Start of Block

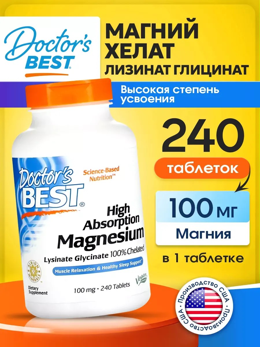 Doctor's BEST Магний хелат 100 мг Magnesium Lysinate Glycinate 240 Tablets
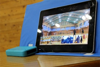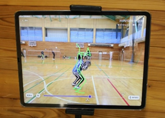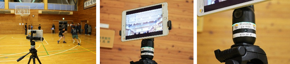 - オンライン指導で欠かせないのが、長野市にいるコーチと生徒たちをつなぐオンラインツールです。この日は、3台のカメラに被写体を自動で認識・追跡する機能を持つAI(人工知能)を搭載した「AI三脚」を取り付けて使用しました。バスケットボールの素早い動きにも反応し、「AI三脚」付きのカメラが生徒の動きを自動で追尾するため、遠隔にいるコーチでも様々な角度からリアルタイムで映像を確認することができます。
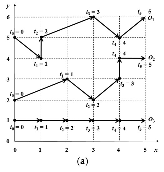 A MTSSTN is generated based on a corresponding interaction pattern. The generation of a MTSSTN includes three steps: (1) the generation of the vertices of the sub-networks during the time intervals at multiple temporal scales; (2) the generation of the edges of the sub-networks, and (3) the generation of the MTSSTN. A sample dataset, which is displayed in Figure 4a, is utilized to illustrate how a MTSSTN is generated. In this dataset, three trajectories which are generated by three corresponding objects (i.e., O1, O2 and O3) during five consecutive time intervals at the finest temporal scale are involved. In Figure 4a, the (x, y) positions of each object at each of the six time stamps are given. Hence, the RTC relations of the three objects during the five consecutive time intervals at the finest temporal scale can be derived, which are shown in Figure 4b.
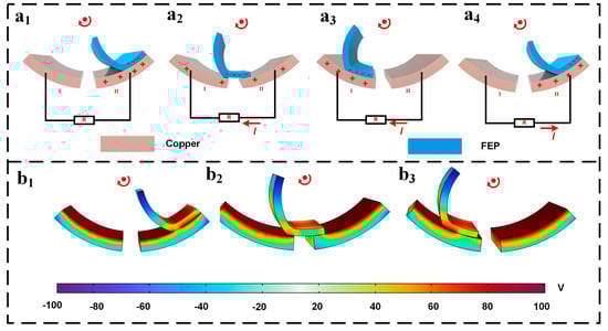 Figure 2 illustrates enlarged images of MSTKJS-TENG’s copper electrodes and FEP tabs alongside its corresponding electrical generation principles. When MSTKJS-TENG reaches the starting state as displayed in Figure 2(a1), FEP contacts Copper Electrode II. Based on the electronegativity order list, FEP possesses greater electronegativity than copper, causing the former to acquire a negative charge and the latter a positive charge upon contact. As the membrane moves to its position in Figure 2(a2), it lies between Copper Electrodes I and II, with a constant overall quantity of negatively charged particles remaining on the surface, resulting in some positively charged particles moving onto Copper Electrode I. Due to charge displacement leading to current flow, as the FEP membrane moves towards its position shown in Figure 2(a3), full contact occurs between it and Copper Electrode I. Maintaining the same principle, as the net quantity of negative charges on the FEP membrane stays constant while still generating consistent current, the membrane again contacts Copper Electrode II when transitioning to its position, as seen in Figure 2(a4). When arranging the electrodes as differential electrode pairs, designers allow opposing current directions between Figure 2(a2,a3) and later phases of contact with Copper Electrode II upon membrane repositioning. Figure 2(a1–a4) illustrates one complete cycle of motion within MSTKJS-TENG’s energy-generating unit, generating a sinusoidal alternating voltage signal useful for subsequent sensing purposes. COMSOL Multiphysics 6.0 software simulation results presented in Figure 2(b1–b3) demonstrate potential differences in contact positions between the two materials, providing effective simulation support for theoretical analysis during later stages of development.
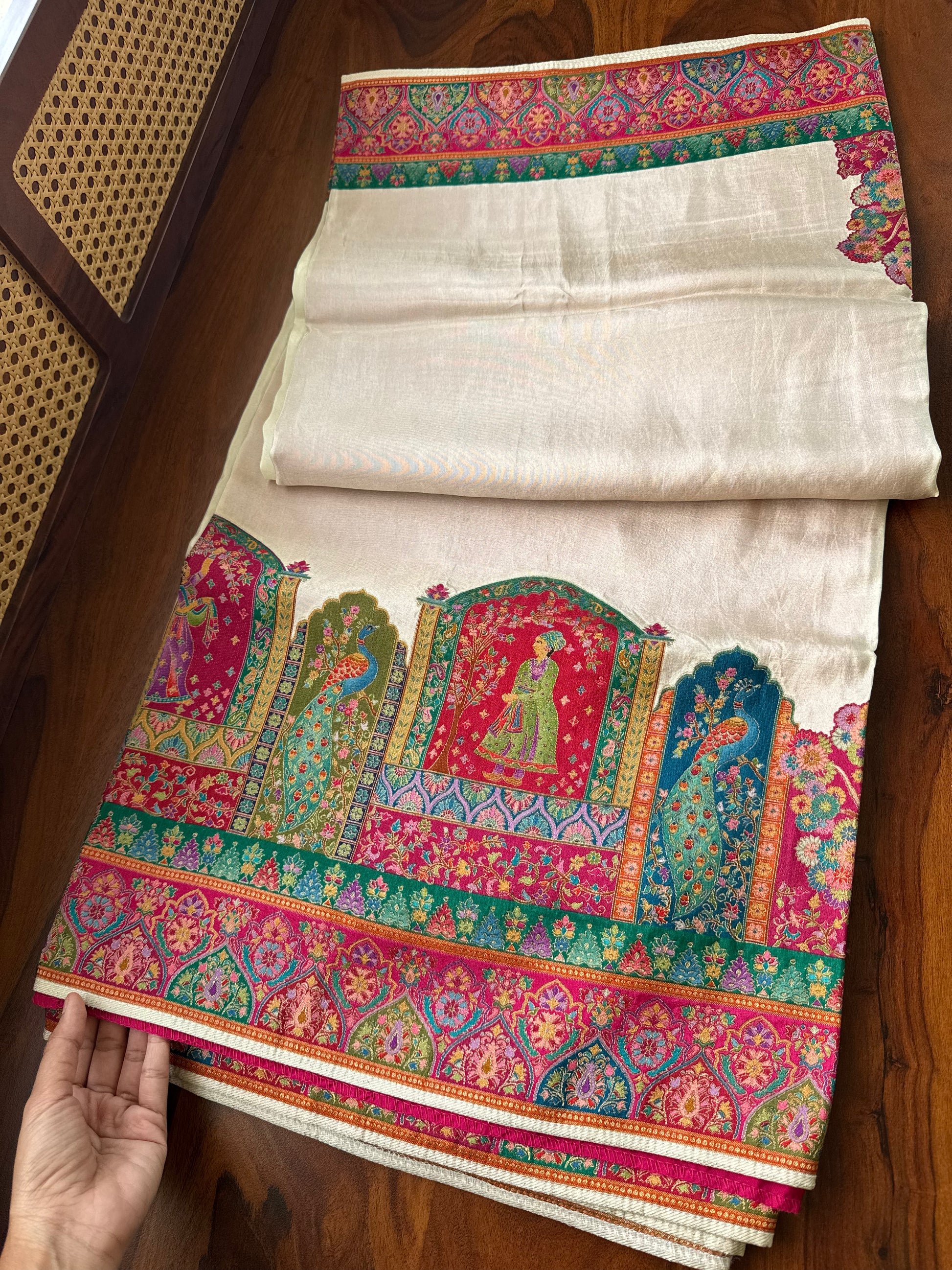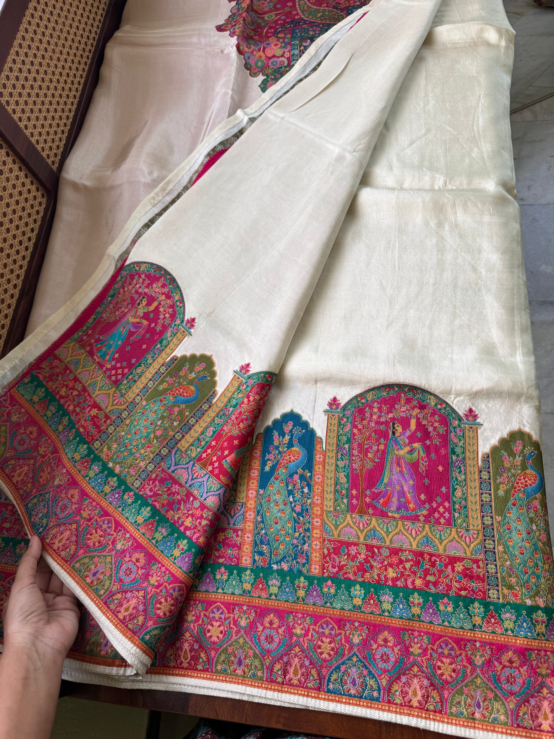 Luxe Pashmina Style Semi Silk Saree - White

End of Block

TASK PROMPT: From the first line through the line with "- オンライン指導で欠かせな", output those lines of the entries above exactly, and nothing else, with the pictures left out.

EXERCISE ANSWER:
 Doctor's BEST Магний хелат 100 мг Magnesium Lysinate Glycinate 240 Tablets
 - オンライン指導で欠かせないのが、長野市にいるコーチと生徒たちをつなぐオンラインツールです。この日は、3台のカメラに被写体を自動で認識・追跡する機能を持つAI(人工知能)を搭載した「AI三脚」を取り付けて使用しました。バスケットボールの素早い動きにも反応し、「AI三脚」付きのカメラが生徒の動きを自動で追尾するため、遠隔にいるコーチでも様々な角度からリアルタイムで映像を確認することができます。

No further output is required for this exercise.